November 30, 2017
Sir, Martin Arnold, your Banking Editor writes: “In the coming year, much of the alphabet soup of post-crisis financial regulation will be completed — including Basel III, IFRS 9 and Mifid II — giving the industry the most clarity for almost a decade on the rule book it must follow.” “Lenders take on board rules of a post-crisis world” December 30.
We are soon three decades after regulators in 1988 with Basel I, concocted risk weighted capital requirements for banks, and 13 years after they put these on steroids with Basel II’s risk weights of 0% for sovereigns, 20% for AAA rated, and 35% for residential mortgages. That caused irresistible temptations for banks to create excessive exposures to these “safe” assets, which resulted in the 2007/08 crisis. And yet there is almost no discussion about that monstrous regulatory mistake.

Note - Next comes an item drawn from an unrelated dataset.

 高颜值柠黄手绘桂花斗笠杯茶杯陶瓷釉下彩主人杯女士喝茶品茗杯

So the risk weighting is still part of the regulations; and therefore the 0% risk weighted bank exposures to sovereings keeps growing and growing; as well as is the disortion of bank credit in favor of the “safer” present and against the “riskier” future.

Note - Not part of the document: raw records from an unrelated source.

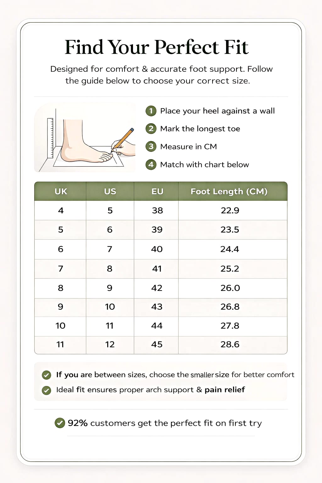 Our footwear follows UK sizing, which is the same sizing commonly used for Indian slippers and footwear.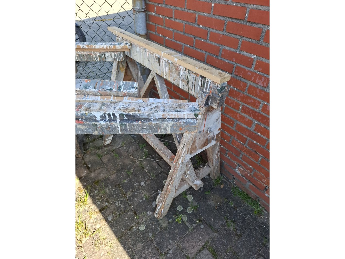 Product: 8x Houten schraag Afmeting: hoogte ca 85/90cm Specificaties: max lengte ca 225cm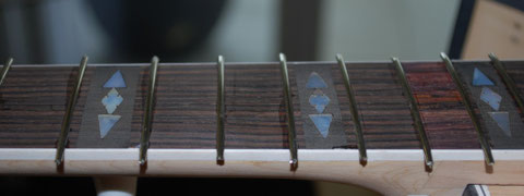 Durch die Notwendigkeit einer Inlayerneuerung an der Kopfplatte und einer Neubundierung mit Griffbrettkorrektur durfte ich daran Teil haben.

In this respect if I were to title something of this sort at this moment it would be more in line of “Lenders take on board rules that have not been adjusted to the crisis and therefore guarantee a world with even larger bank crises”

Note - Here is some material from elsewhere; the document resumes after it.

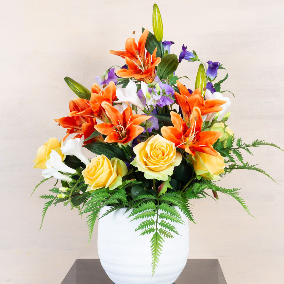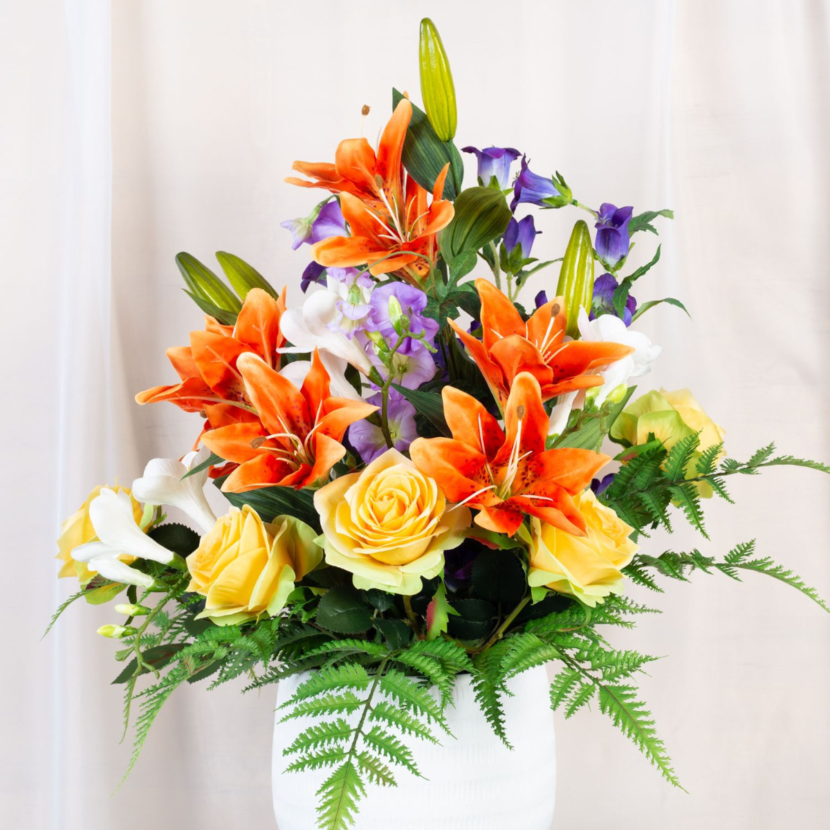 Composizione funebre per una persona cara! Pamela aveva trovato su Internet una foto di una composizione funebre che le era piaciuta molto. Ci ha chiesto se potevamo preparare un tale bouquet finto. La combinazione di colori arancione-giallo-viola era particolarmente importante per lei. Il tipo di fiori non era così importante per lei, ma gigli, rose e gladioli andavano bene. Armati di questi indizi, siamo andati sul campo e abbiamo scoperto che i gladioli erano semplicemente troppo frondosi per la disposizione desiderata. Invece, abbiamo scelto delle audaci campanule viola come sostituto delle pannocchie. Protagonista della scenografia floreale è stato senza dubbio il giglio. Per questa parte abbiamo usato gigli tigre arancione brillante. Rose gialle completavano il bouquet artificiale. L'ipomoea viola e le fresie bianche hanno fornito la necessaria pienezza al bouquet decorativo. Una cornice di rami di felce spada completava l'insieme. Le abbiamo inviato alcune foto come suggerimento. Pamela ci ha poi chiesto di sostituire le rose gialle brillanti con una versione più chiara. Il cliente è stato felicissimo, quindi siamo riusciti a completare l'ordine. Vuoi anche una composizione floreale artificiale? (Tieni presente che le piante artificiali possono perdere la loro longevità a causa della luce solare e del tempo) Acquista il look!

The irresponsibility and lack of transparency evidenced by the members of the Basel Committee is amazing. The lack willingness of media, like the Financial Times, to pose some simple questions to these regulators, is just as incomprehensible.
When the next bank crisis, or the next excessive exposure to something perceived as very safe blows up in our face, how will your bank editor then explain his silence on this?